Les adhérents se coordonnent pour les futures actions. Une équipe de campagne locale est présentée avec des pôles : « réseaux sociaux », « terrain », « contenus », « mobilisation », etc. On donne les noms des responsables. L’engouement des militants est canalisé. Il en devient efficace. À ce moment-là, un homme rentre dans le café et crie : « L’anarchie vaincra ! » avant de s’échapper. L’anarchie, ce n’est pas ici. Pas désarçonnée, Cécile Calvez sourit : « Oui d’accord, salut. » Cette intrusion n’a rien bousculé. Les participants continuent à parler de la campagne et de leurs bonnes volontés. Bernard prend alors le micro pour parler des besoins de financement. En marche n’est pas un parti constitué bénéficiant de fonds propres. Il faut payer les meetings, les 50 salariés permanents, la communication, et le reste. Cinq millions d’euros ont été collectés, Macron compte emprunter une partie, autour de 8 millions. « Il reste 9 millions à trouver pour atteindre le plafond de 16,8 millions (pour le premier tour). On compte sur vous. Il y a 130 000 adhérents, si chacun donne 36 euros, on les a. » Et, c’est sans compter la ristourne fiscale… « Bref, c’est à portée de main. » C’est tout à fait exact puisque Bernard est venu avec une machine à carte bleue et des formulaires de dons qui commencent à circuler, avec un certain succès. Quand la rencontre se termine, tout le monde se donne rendez-vous très bientôt.

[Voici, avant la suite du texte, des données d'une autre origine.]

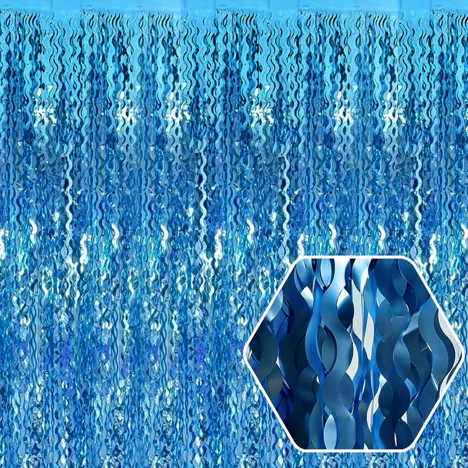 4 Pack Lake Blue Wave Foil Fringe Curtain Backdrop, 3.28Ft x 8.2Ft Metallic Tinsel Foil Fringe Streamer Curtains for Photo Booth, Mother's Day, Easter, Birthday, Wedding Party Decoration

Je m’attarde avec Simon et Jean-Philippe, avec qui j’étais attablée. Les deux « potes » du lycée ont fondé une start-up ensemble. Le premier, ancré à gauche, croyait qu’il ne voterait plus jamais. « J’avais lâché l’affaire. » Il est intéressé par « le cassage de codes, le renouveau, le langage différent de Macron » mais se sent encore comme un « observateur ». « Je crains une normalisation globale du mouvement, et que cela devienne comme les autres partis. » Il s’interrompt d’ailleurs pour un aparté avec le « référent » parisien pour donner son avis : il désapprouve le slogan de Macron, « Le candidat du travail », « déjà servi », regrette-t-il. Son copain Jean-Philippe a été il y a quatre ans militant au MJS (Mouvement des jeunes socialistes). Il n’y a vu que des « apparatchiks qui, à 20 ans, ressemblent déjà à des professionnels de la politique et des tractations ». Au QG de Macron, il a retrouvé ce qu’il connaît des start-up : « De l’approximation parfois, mais du renouvellement. On sent le mouvement en train de se construire. » Il compte se rendre à la prochaine action d’En marche pour aller tracter aux sorties de métro.